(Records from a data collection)
===============

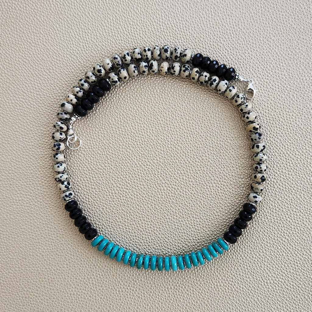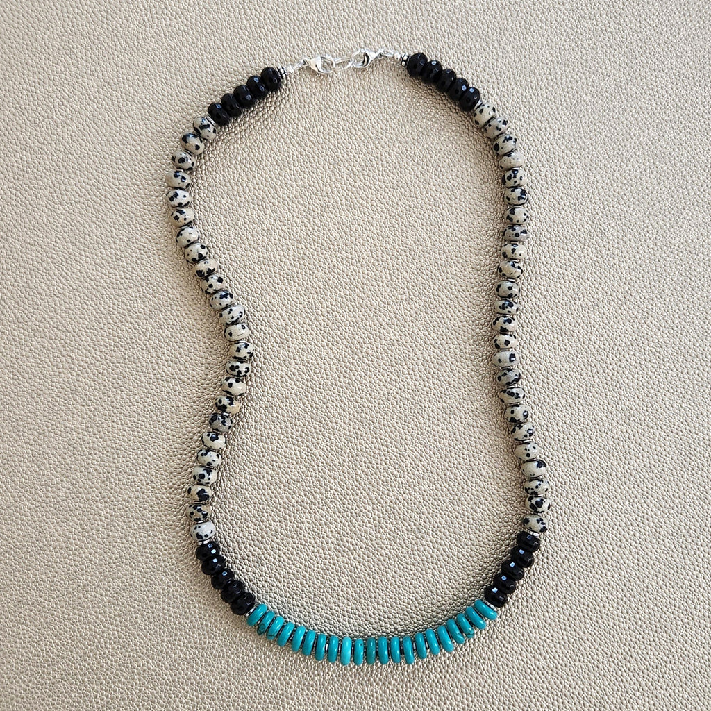 - Necklace made with a mix of turquoise (3x8mm), faceted black onyx (5x8mm) and natural Dalmatian jasper (5x8mm)
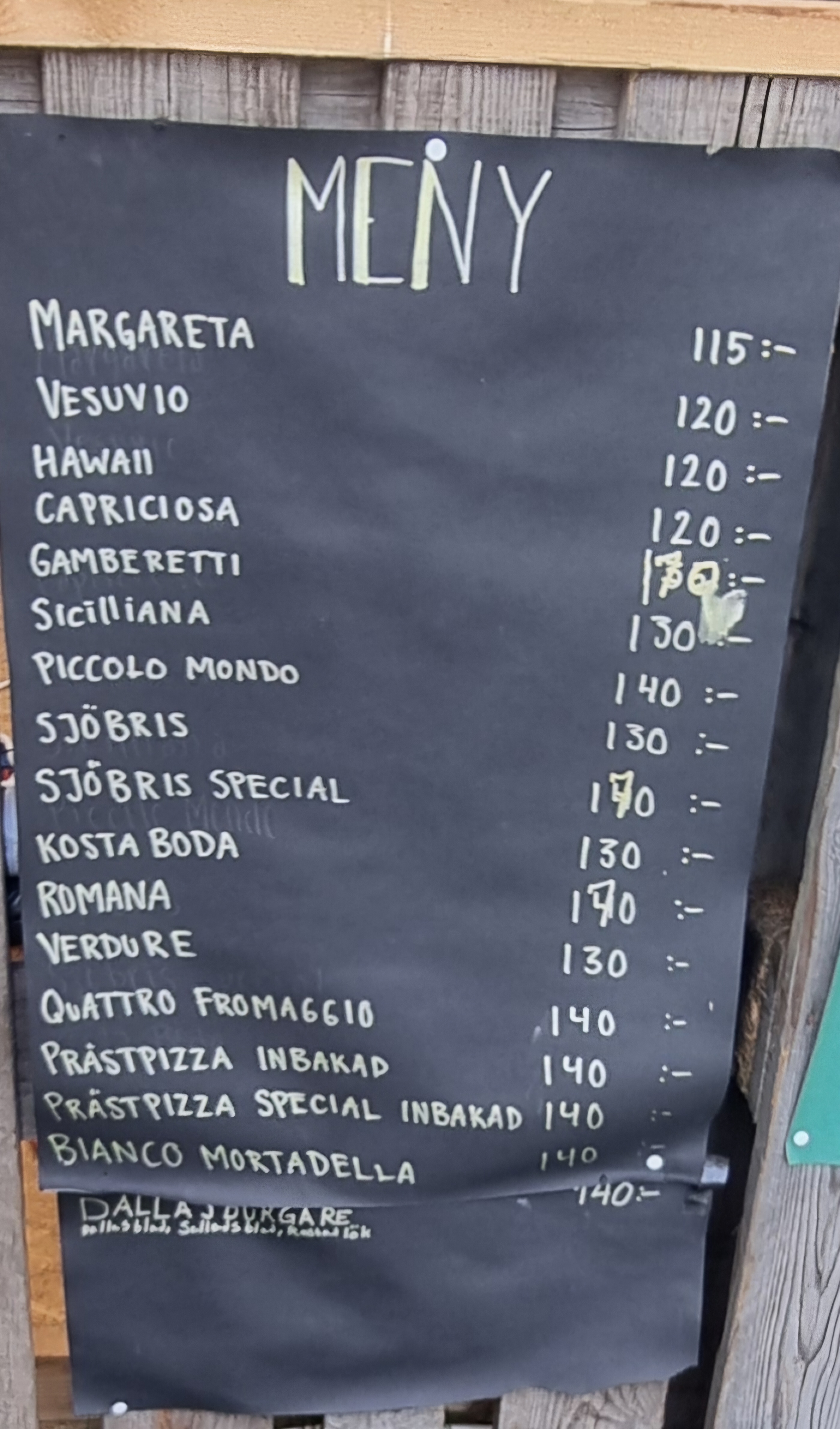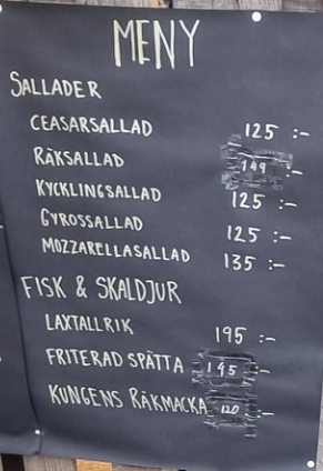 När vi kom så var en kvinna i full färd med att höja priserna på menyn. Detta var tydligen så pass bråttom att det behövdes göras på stört. Hon släppte inte pennan eller ens flyttade sig för att vi kom så vi fick försöka se menyn så gott det gick över axeln på henne.
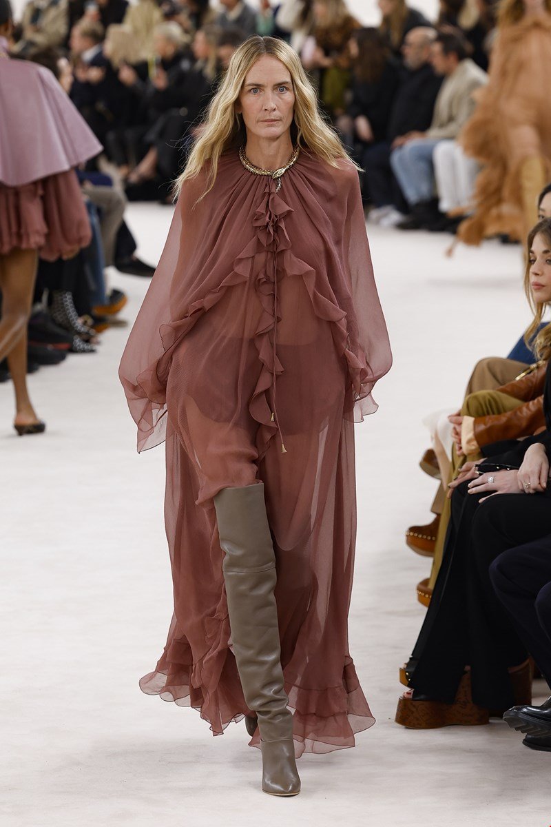Πρόκειται για μια μεγάλη αλλαγή σε σχέση με τις προηγούμενες σεζόν. Το 2023, μην ξεχνάμε, είχαμε την τάση Y2K, που έζησε μια αναβίωση από την εποχή του millennium, και που αυτό που τη χαρακτήριζε ήταν η υπερβολή· έντονα χρώματα, γυαλιστερά, λάτεξ, λούρεξ υφάσματα, παγιέτες και λάμψη.
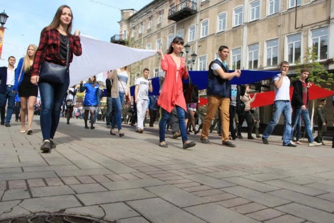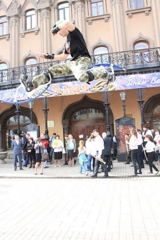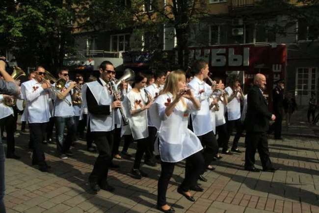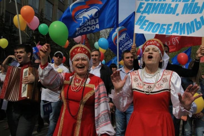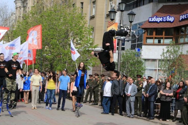 Некоторые представители муниципальных районов, одетые в русские народные костюмы, привлекали внимание прохожих песнями военных лет под гармошку. А активисты «Молодой гвардии» решили развлечь публику трюками джамперов, которые по ходу следования колонны исполняли акробатические движения в воздухе.
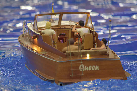 Das Boot kann voll funktionell ausgestattet werden. Alle Lampenkörper können mit LED bestückt werden, die Lackdrähte verschwinden komplett im Mast und Ausleger und werden zentral im Rumpf verschalten. Im Bausatz ist bereits ein Beleuchtungssatz für die nautische Beleuchtung, den Suchscheinwerfer und das Blaulicht enthalten. Der weitere Ausbau der Beleuchtung ist mit Hilfe des LED-Sets 5677/51 machbar.
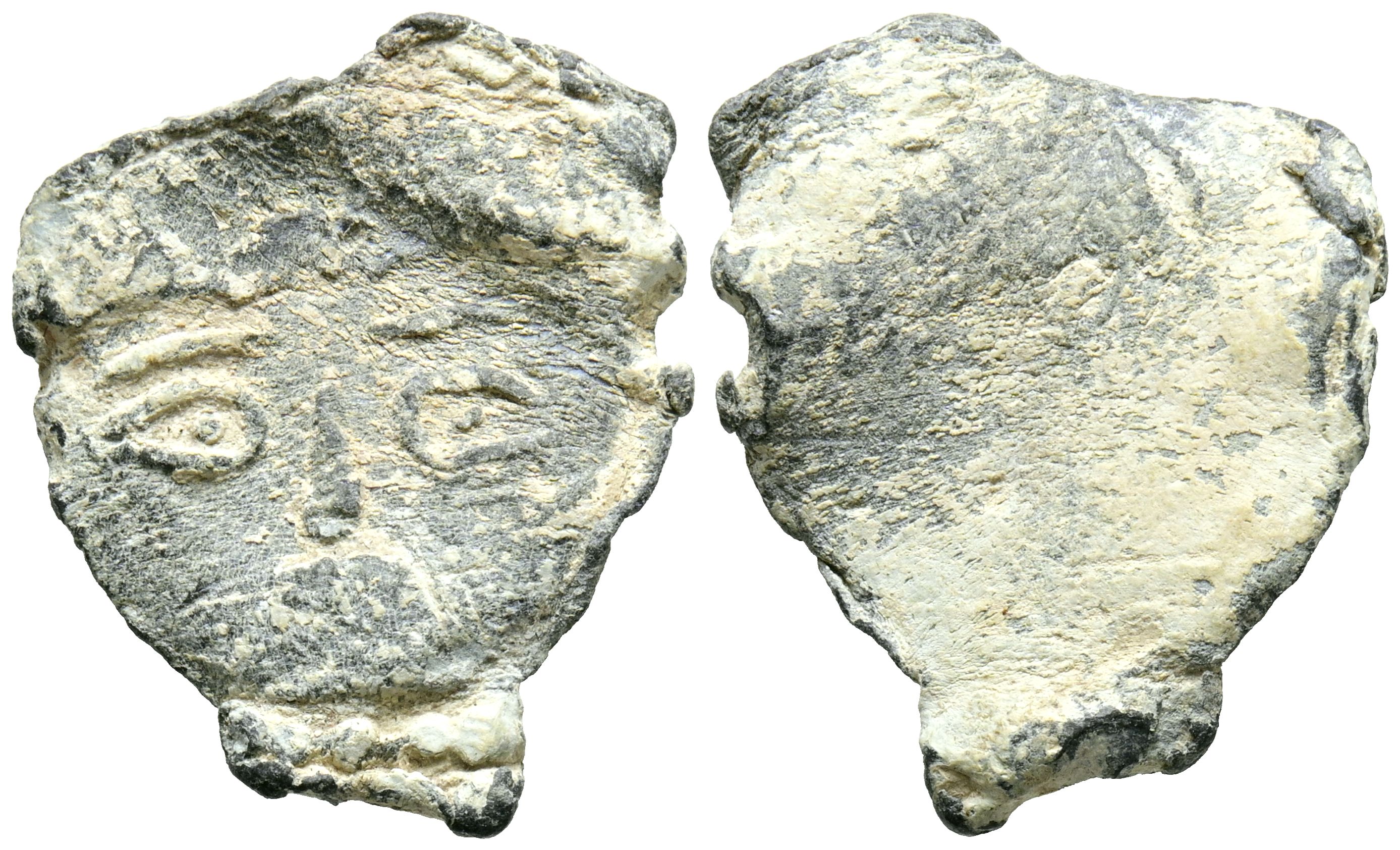 PERIODO CALIFAL O POSTERIOR. Amuleto tipo "Tanit". (Pb. 5,30g/22x19mm). Posiblemente Siglo X-XV. Figura humana. Cara en posición central, con grandes ojos almendrados, restos de una diadema y un collar de cuentas circulares. Reverso liso. (Amuletos 387-N26, mismo ejemplar). MBC. Muy raro ejemplar.
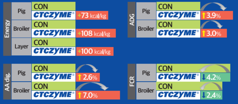 Supplementation of CTCZYME (0.05%) on animals
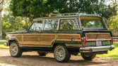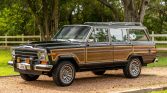 The truck is finished in black with faux woodgrain paneling over tan leather upholstery and is powered by a 5.9-liter V8 paired with a three-speed automatic transmission. Equipment includes Selec-Trac four-wheel drive, 15” alloy wheels, a chrome roof rack, fog lights, cruise control, air conditioning, and a factory AM/FM cassette stereo.
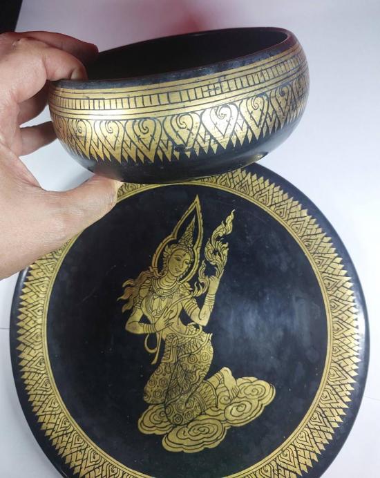 ***วัดใจ***เครื่องเขินลงรักปิดทอง *พระแม่โพสพ* ขนาด 10 นิ้ว พร้อมขันศิลปะลายรดน้ำ ลงรักปิดทอง ขนาด 6 นิ้ว |

===============

[Assigned task] In your copy, include no pictures, but reproduce all records exactly.

[Answer to this task]
 - Necklace made with a mix of turquoise (3x8mm), faceted black onyx (5x8mm) and natural Dalmatian jasper (5x8mm)
 När vi kom så var en kvinna i full färd med att höja priserna på menyn. Detta var tydligen så pass bråttom att det behövdes göras på stört. Hon släppte inte pennan eller ens flyttade sig för att vi kom så vi fick försöka se menyn så gott det gick över axeln på henne.
Πρόκειται για μια μεγάλη αλλαγή σε σχέση με τις προηγούμενες σεζόν. Το 2023, μην ξεχνάμε, είχαμε την τάση Y2K, που έζησε μια αναβίωση από την εποχή του millennium, και που αυτό που τη χαρακτήριζε ήταν η υπερβολή· έντονα χρώματα, γυαλιστερά, λάτεξ, λούρεξ υφάσματα, παγιέτες και λάμψη.
 Некоторые представители муниципальных районов, одетые в русские народные костюмы, привлекали внимание прохожих песнями военных лет под гармошку. А активисты «Молодой гвардии» решили развлечь публику трюками джамперов, которые по ходу следования колонны исполняли акробатические движения в воздухе.
 Das Boot kann voll funktionell ausgestattet werden. Alle Lampenkörper können mit LED bestückt werden, die Lackdrähte verschwinden komplett im Mast und Ausleger und werden zentral im Rumpf verschalten. Im Bausatz ist bereits ein Beleuchtungssatz für die nautische Beleuchtung, den Suchscheinwerfer und das Blaulicht enthalten. Der weitere Ausbau der Beleuchtung ist mit Hilfe des LED-Sets 5677/51 machbar.
 PERIODO CALIFAL O POSTERIOR. Amuleto tipo "Tanit". (Pb. 5,30g/22x19mm). Posiblemente Siglo X-XV. Figura humana. Cara en posición central, con grandes ojos almendrados, restos de una diadema y un collar de cuentas circulares. Reverso liso. (Amuletos 387-N26, mismo ejemplar). MBC. Muy raro ejemplar.
 Supplementation of CTCZYME (0.05%) on animals
 The truck is finished in black with faux woodgrain paneling over tan leather upholstery and is powered by a 5.9-liter V8 paired with a three-speed automatic transmission. Equipment includes Selec-Trac four-wheel drive, 15” alloy wheels, a chrome roof rack, fog lights, cruise control, air conditioning, and a factory AM/FM cassette stereo.
 ***วัดใจ***เครื่องเขินลงรักปิดทอง *พระแม่โพสพ* ขนาด 10 นิ้ว พร้อมขันศิลปะลายรดน้ำ ลงรักปิดทอง ขนาด 6 นิ้ว |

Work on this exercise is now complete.